— Давно это было. Еще до того, как мы узнали, что меченый — самый лучший немец. Крутил я тогда сумасшедший роман с одной женщиной. Сегодня я помню ее только благодарной памятью тела, оказавшейся «сильней рассудка памяти печальной». Но тогда…
Тогда мне казалось, что продолжительность моих чувств обязательно совпадет с длительностью моей жизни. Она была замужем, что придавало нашим отношениям пикантную остроту. Муж ее — человек угрюмый, неприятный, по служебным делам часто бывал в разъездах. И меня и ее это вполне устраивало. Когда наступал наш час, я приходил к ней поздно ночью, а уходил на рассвете — так, чтобы меня никто не видел. Она считала, что он убьет ее, если узнает. Обычная, в общем-то, история.

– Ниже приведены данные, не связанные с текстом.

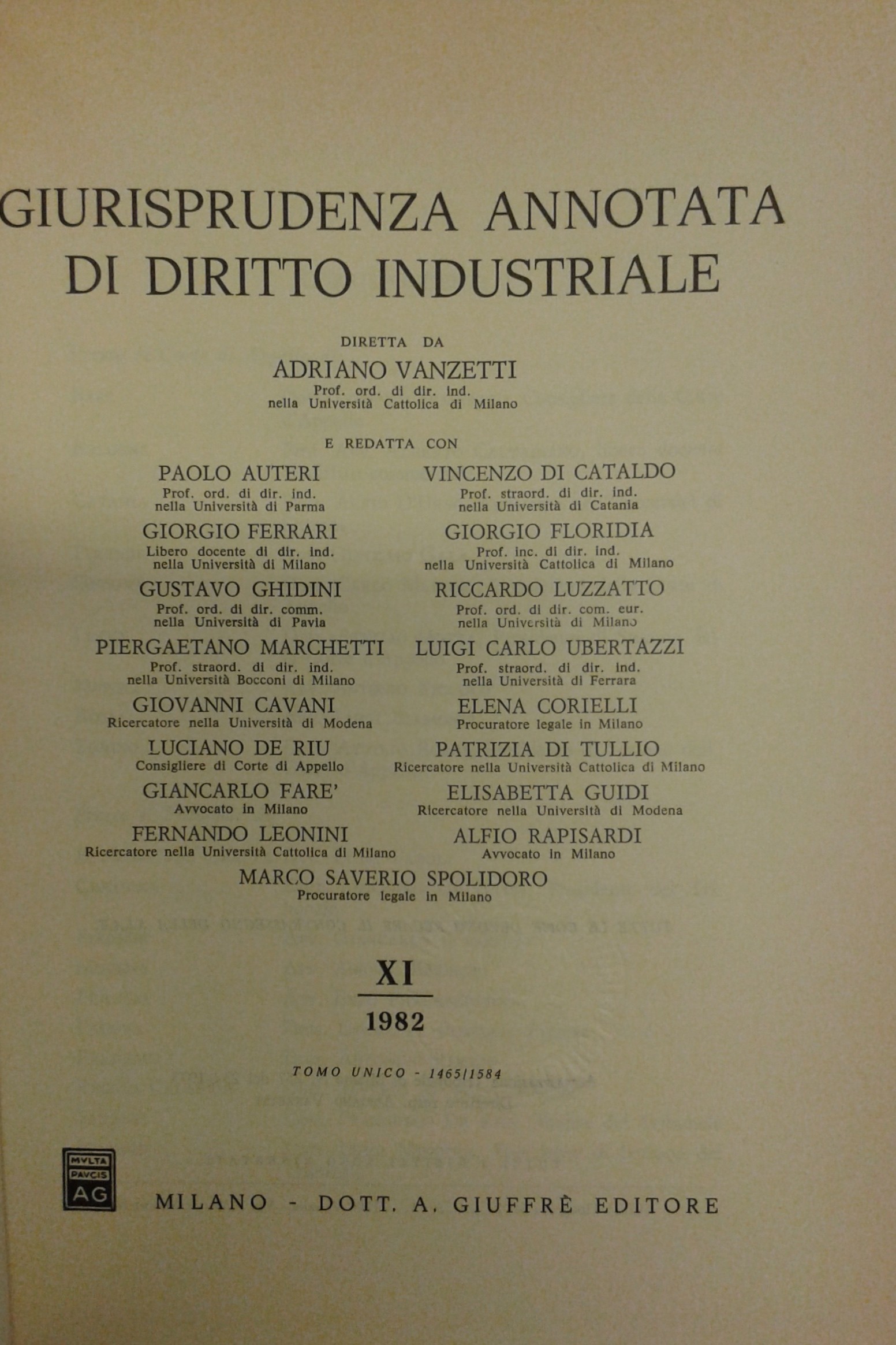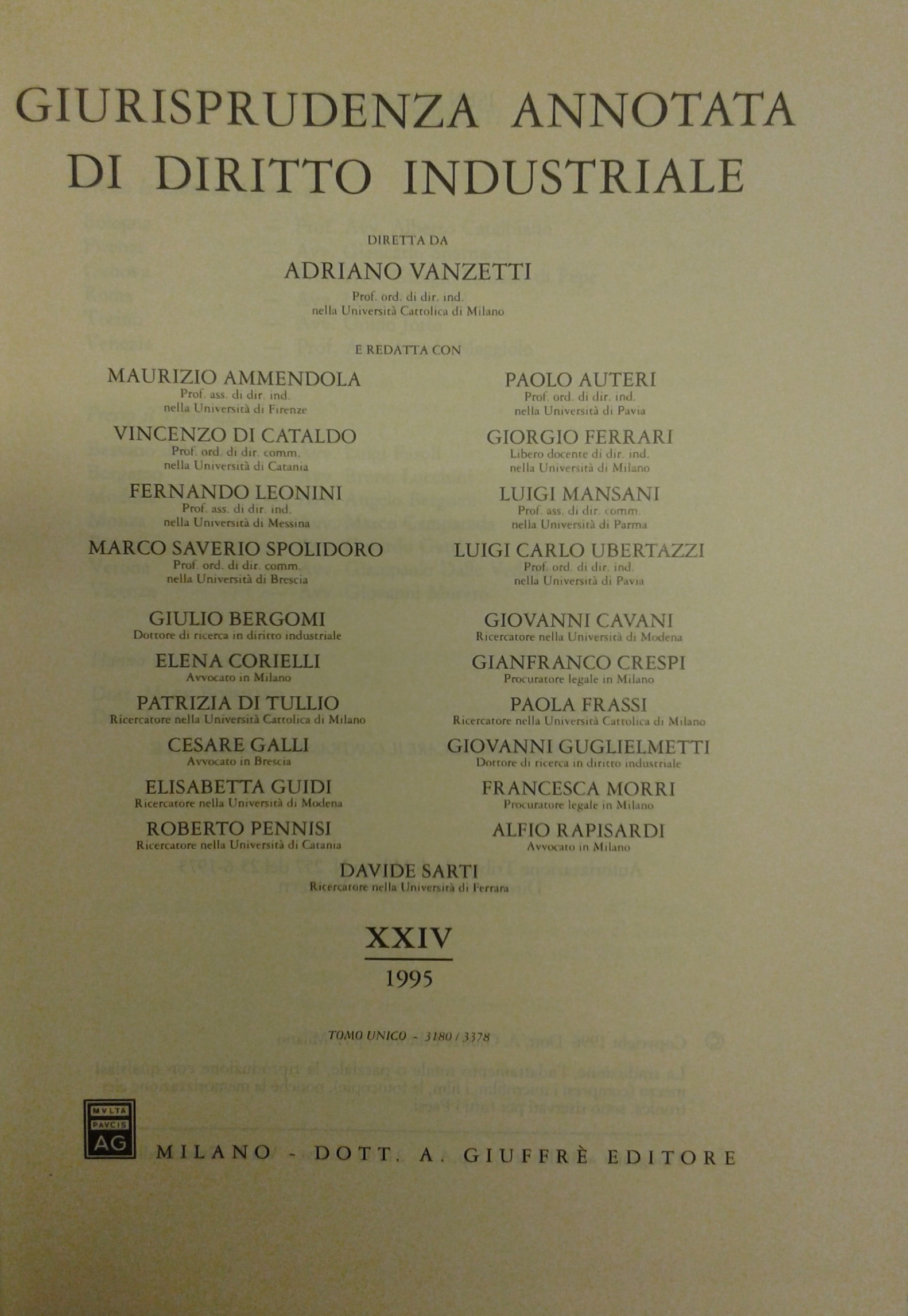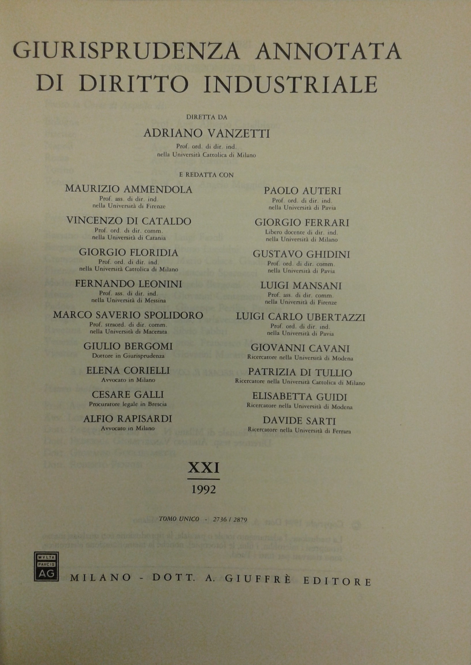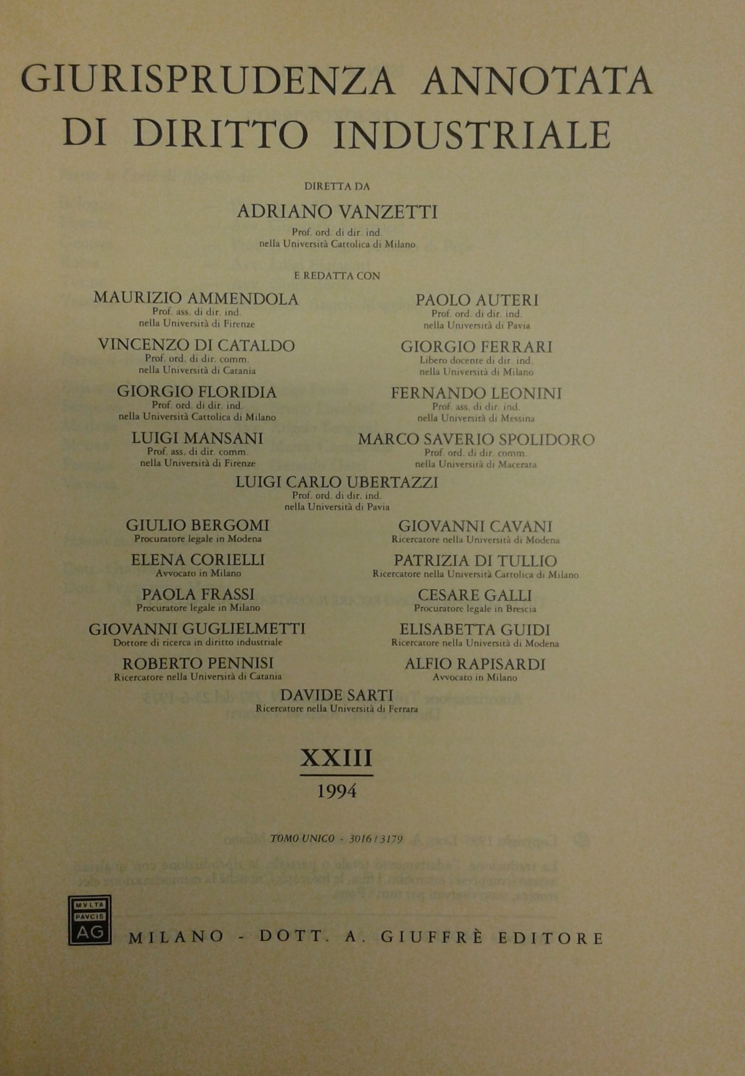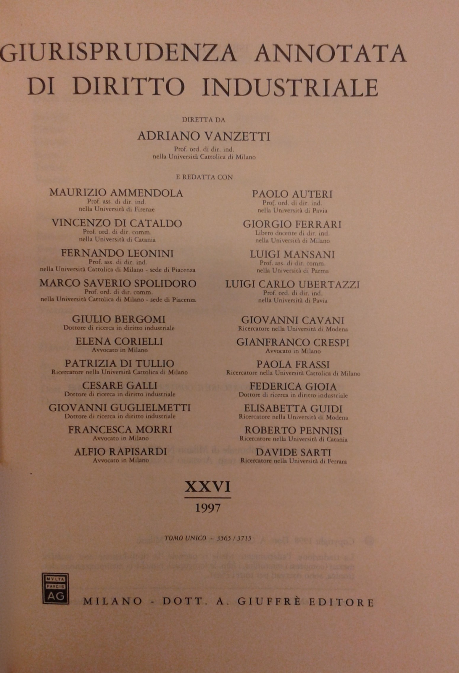 Giurisprudenza annotata di diritto industriale. Diretta da Adriano Vanzetti. Anno VIII - 1979 - Anno XXXVI - 2007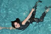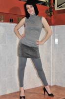 9:47 min. movie (1080p MP4, 506 Mb) and 282 images (incl. 18 images by somebody else, 144 Mb) of Alina in the pool in a grey shirt, skirt, grey leggings and heels.

В тот день я находился в своей конторе, привычно бездельничая. Была середина ноября. Снег еще не выпал, но тяжелые продолговатые тучи и пронизывающий ветер не оставляли сомнений в том, что осень доживает последние денечки.
Она позвонила, как всегда, неожиданно и сказала, что сегодня можно, что ждет. Коротая время, я к кому-то забежал, кого-то встретил, где-то что-то выпил. Короче, еле дождался ночи.
Остановил первую попавшуюся «девятку». В ней — двое. Водитель в непромокаемом плаще с круглым, излучающим добродушие лицом и с ним рядом ширококостный мужчина в спортивной куртке. Его неподвижный взгляд сразу мне не понравился.
— Тебе куда? — спросил водитель. Я назвал адрес.
— Трояк сойдет?
— Сойдет.
Подъехали к знакомому дому, продолговатому и как бы слегка приплюснутому. И тут я вспомнил, что у меня в кошельке ни шиша. Ладно, думаю, у подруги возьму.
— Ребята, — говорю, — накладка вышла, пустой я. Но вы не волнуйтесь. Я сейчас вынесу ваш трояк. Мигом обернусь.
— А чего волноваться? — сказал водитель. — Только Валя с тобой пойдет для порядка. Пойдешь, Валя?
Мужчина в куртке пристально посмотрел на меня и вышел из машины.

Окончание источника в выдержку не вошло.